How would named and unnamed pattern be referenced?
ciao
toralf
toralf
Posts: 792
Joined: 27 Apr 2014, 21:08
Location: Germany

Re: Minor Change to RegExMatch()

01 Jul 2014, 11:16

At the same time the ~= doesn't really improve

Code: Select all

if Pos := RegExMatch("The current year is " A_Year, "(\d+)", m)
    msgbox Found numeric sequence '%m1%' at %Pos%!
ciao
toralf
User avatar
fincs
Posts: 505
Joined: 30 Sep 2013, 14:17
GitHub: fincs
Location: Seville, Spain
Contact:

Re: Minor Change to RegExMatch()

01 Jul 2014, 11:19

toralf wrote:How would named and unnamed pattern be referenced?
(...)
At the same time the ~= doesn't really improve
In v2, the old capture system that uses pseudo-arrays was completely removed, and only match objects are supported. Please read the documentation. So what I propose is that instead of returning MatchPos (which is redundant), it should return the match object instead. This match object contains all information about captures, positions and lengths. ~= is improved because it now returns something useful instead of MatchPos (which is very rarely used and as I said, it is redundant).
fincs
Windows 10 x64 Build 18362 | AMD Ryzen 7 3700X with 32 GB of RAM | AutoHotkey v1.1.31.01
Get SciTE4AutoHotkey v3.0.06.01 - [My project list]
toralf
Posts: 792
Joined: 27 Apr 2014, 21:08
Location: Germany

Re: Minor Change to RegExMatch()

01 Jul 2014, 12:01

Thanks, I didn't know that mode1 was removed in v2.

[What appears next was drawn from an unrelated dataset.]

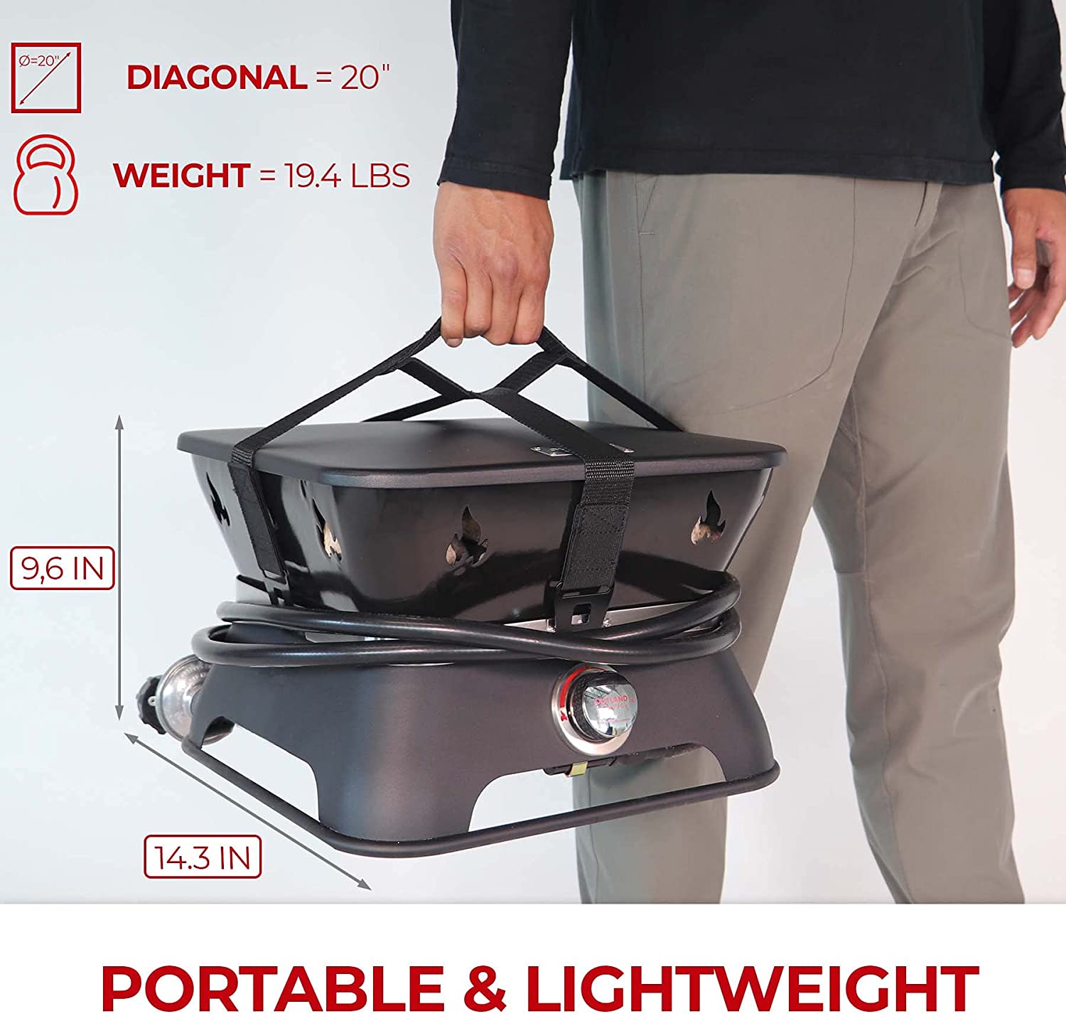 PORTABLE AND EASY TO TRANSPORT – The Firecube is our smallest, lightest and most portable fire pit yet. Travel sized propane fire pits are a must have outdoor centerpiece for camping trips, RV travels, tailgating get-togethers, beach parties, and family evenings on the backyard patio or small balcony

The times I used Pos was when I had to go over a haystack multiple times.

Code: Select all

Pos = 0
While Pos := RegExMatch(Haystack, Needle, Var, Pos){
  
}
The same could work when zero is returned in case of an object when nothing gets returned and an empty string with ErrorLevel on errors.
I assume an object by itself is True. I would hate to write While isObject(m:= RegExMatch(Haystack, Needle, Pos)){
ciao
toralf
User avatar
fincs
Posts: 505
Joined: 30 Sep 2013, 14:17
GitHub: fincs
Location: Seville, Spain
Contact:

Re: Minor Change to RegExMatch()

01 Jul 2014, 12:06

Objects are true when interpreted as booleans. It would suffice to say while m := RegExMatch(Haystack, Needle, Pos). Also, RegExMatch (and thus ~=) would return either an object (in case of match) or empty string (in case of non-match). In v2, RegEx functions always throw an exception if a malformed pattern is used or there's some other PCRE error (ErrorLevel is not involved). The loop you wrote could be expressed as such:

Code: Select all

Pos := 1
while m := RegExMatch(Haystack, Needle, Pos)
{
    ;...process the match
    Pos := m.Pos + m.Len ; continue search at the end of the overall match
}
fincs
Windows 10 x64 Build 18362 | AMD Ryzen 7 3700X with 32 GB of RAM | AutoHotkey v1.1.31.01
Get SciTE4AutoHotkey v3.0.06.01 - [My project list]
HotKeyIt
Posts: 2157
Joined: 29 Sep 2013, 18:35
Contact:

Re: Minor Change to RegExMatch()

01 Jul 2014, 12:22

+1

EDIT:
fincs wrote:Also, RegExMatch (and thus ~=) would return either an object (in case of match) or empty string (in case of non-match).
Btw. RegExMatch returns 0 if no match is found.
User avatar
fincs
Posts: 505
Joined: 30 Sep 2013, 14:17
GitHub: fincs
Location: Seville, Spain
Contact:

Re: Minor Change to RegExMatch()

01 Jul 2014, 16:36

HotKeyIt wrote:Btw. RegExMatch returns 0 if no match is found.
That's what currently happens, and is related to the fact that it returns a position value. In the proposed RegExMatch modification, it seems IMO inconsistent to return 0 for false when the other possibility for the return value is not an integer as well.
fincs
Windows 10 x64 Build 18362 | AMD Ryzen 7 3700X with 32 GB of RAM | AutoHotkey v1.1.31.01
Get SciTE4AutoHotkey v3.0.06.01 - [My project list]
lexikos
Posts: 7088
Joined: 30 Sep 2013, 04:07
GitHub: Lexikos

Re: Minor Change to RegExMatch()

01 Jul 2014, 20:50

I had already considered and rejected this possibility.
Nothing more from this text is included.